Warning, network managers: you have less than a year to test, adjust and retest your network hardware and applications for Y2K compliance.
To hide your head in the sands of time and hope the whole thing goes away would be monumentally foolish, according to industry analysts and your peers. For those of you who haven’t started testing yet, there is good news and bad news.
The bad news: you will most likely find bugs in the system. “The code is broken…90 per cent of the programs need to be fixed,” said Peter de Jager, the Canadian computer consultant from Brampton, Ont., considered to be one of the pre-eminent authorities on the year 2000 problem.
The good news: you still have time to solve the problem and, while the work may be labour intensive and costly, it may not be as difficult as you think and it can lead to enterprise-wide benefits.

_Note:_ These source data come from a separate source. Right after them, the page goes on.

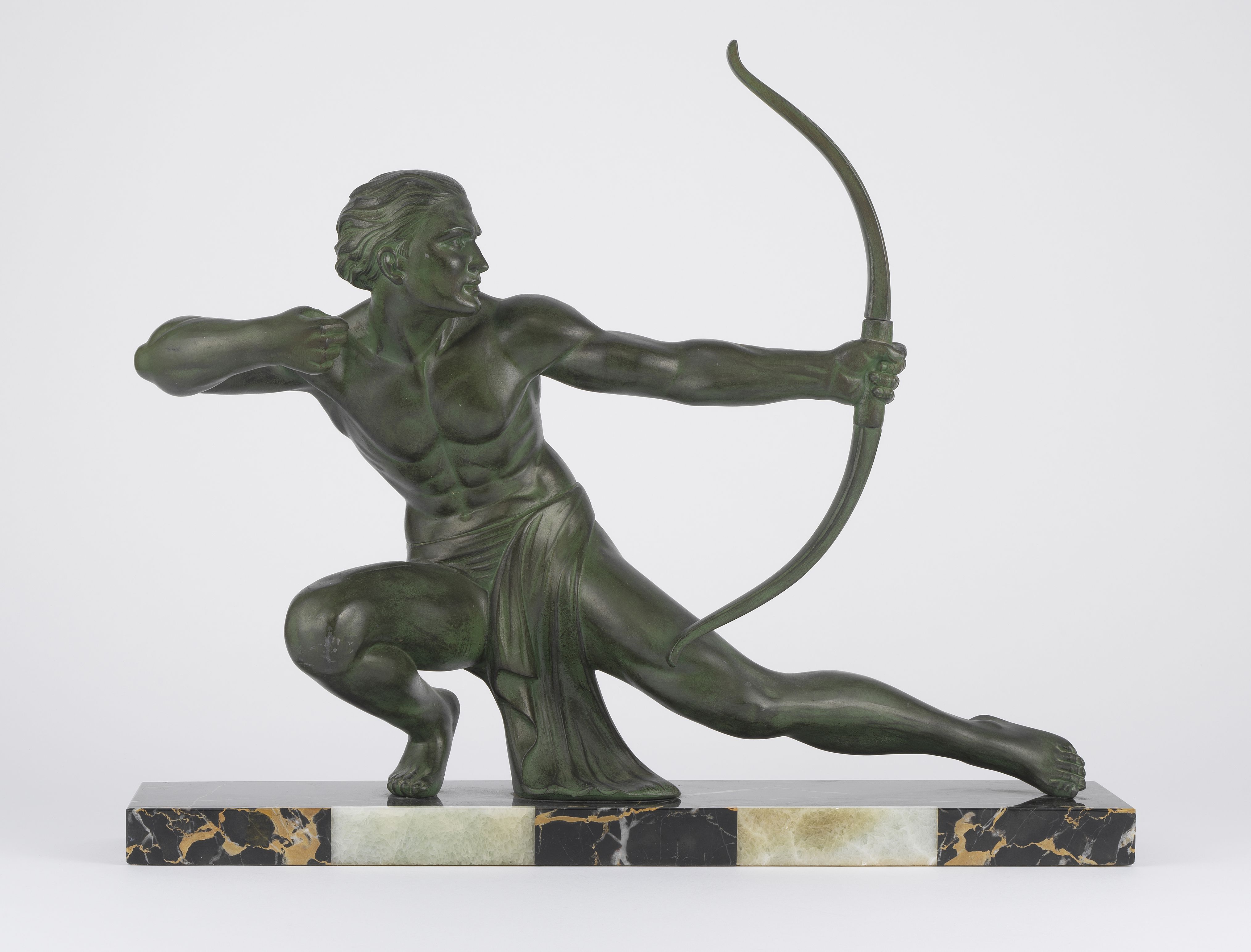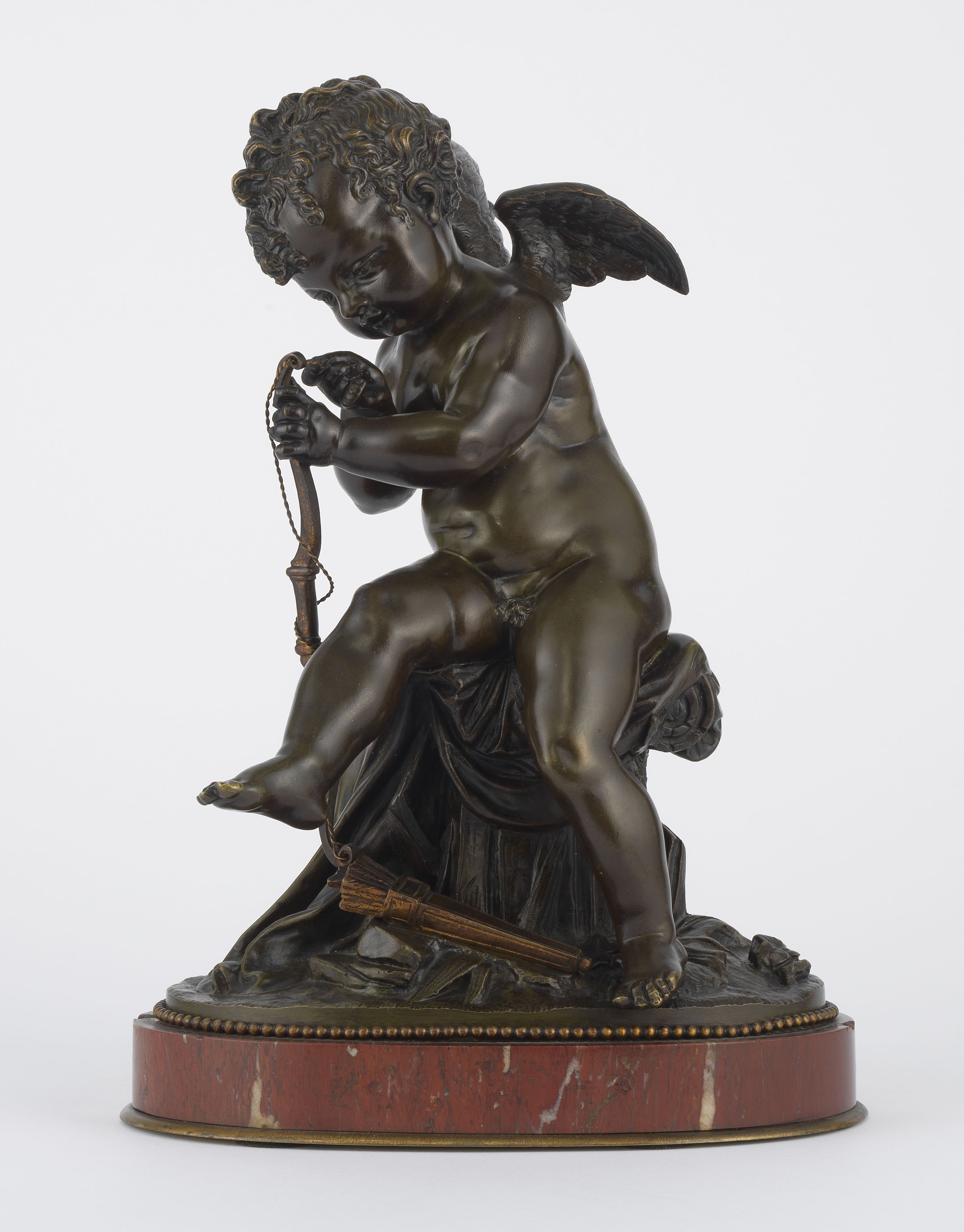 Cupidon bandant son arc, bronze à patine foncée, piètement en ma...
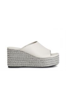 Mules nappa semelle compensée avec bandes de strass. la confortable semelle intérieure en cuir véritable rembourrée rend la chaussure confortable même après plusieurs heures d'utilisation. le talon haut mesure 70 mm de haut la plateforme 35 mm.
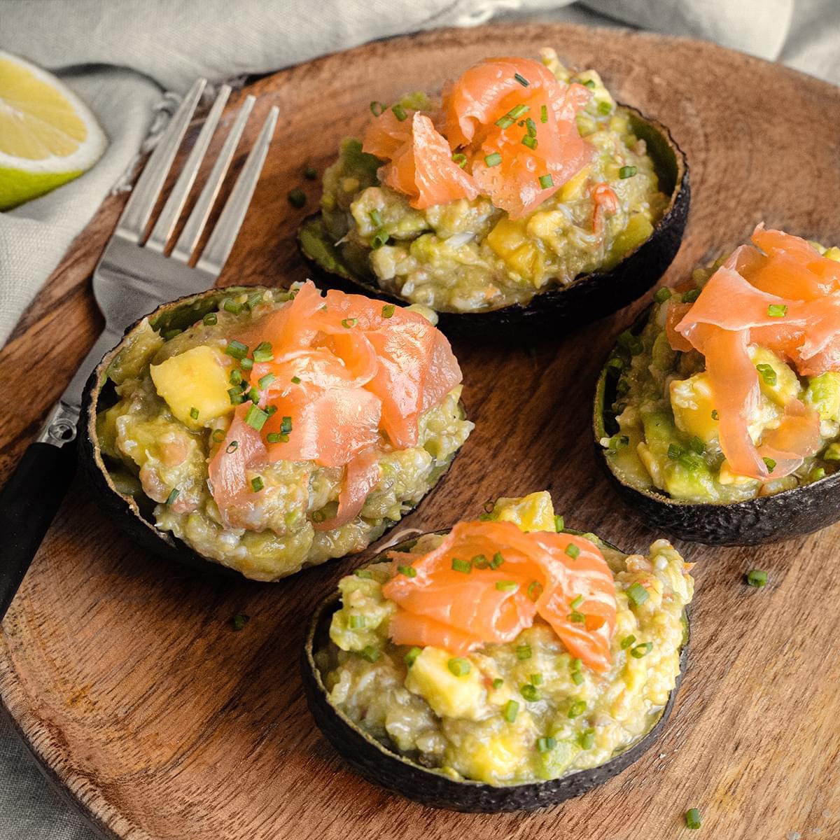 RECETA REFRESCANTE : AGUACATES RELLENOS DE MANGO Y LANGOSTINOS .

“By and large, this has turned out to be less painful than I feared,” said Andy Woyzbun, vice-president, systems and CIO, AT&T Canada Long Distance Services, referring to the Y2K problem faced by the business and residential long-distance carrier. Although he said the problem was “less painful” than he thought it would be, he is not dismissing the potential bite of the so-called millennium bug.
He pointed out the number of IT people available in any organization tends to be geared to the number of projects that are underway and problems that may occur. “But if you double or triple incidents come Jan. 1, 2000, will companies have enough people to diagnose and fix problems?” he asked rhetorically. “I don’t think it’s going to take many additional problems to tax the diagnostic capabilities of those who normally fix these things, and that’s the thing that scares me.”
AT&T Canada formally acknowledged the Y2K problem in 1996 and it didn’t take the company’s IT staff long to realize it was dealing with more than a computer network issue. “Anything that had a clock or computer circuit or computer program in it, which involves virtually our entire [long-distance] network,” was subject to Y2K problems, he said.
As with almost every other major corporation, AT&T Canada did not leave it up to network managers alone to tackle the Y2K problem. The company set up two senior management committees that meet on a regular basis to deal with the broader ramifications of the issue. Woyzbun’s staff is tackling the hands-on problems related to computer systems, computer networks, computer applications and digital equipment used to deliver long-distance services to customers.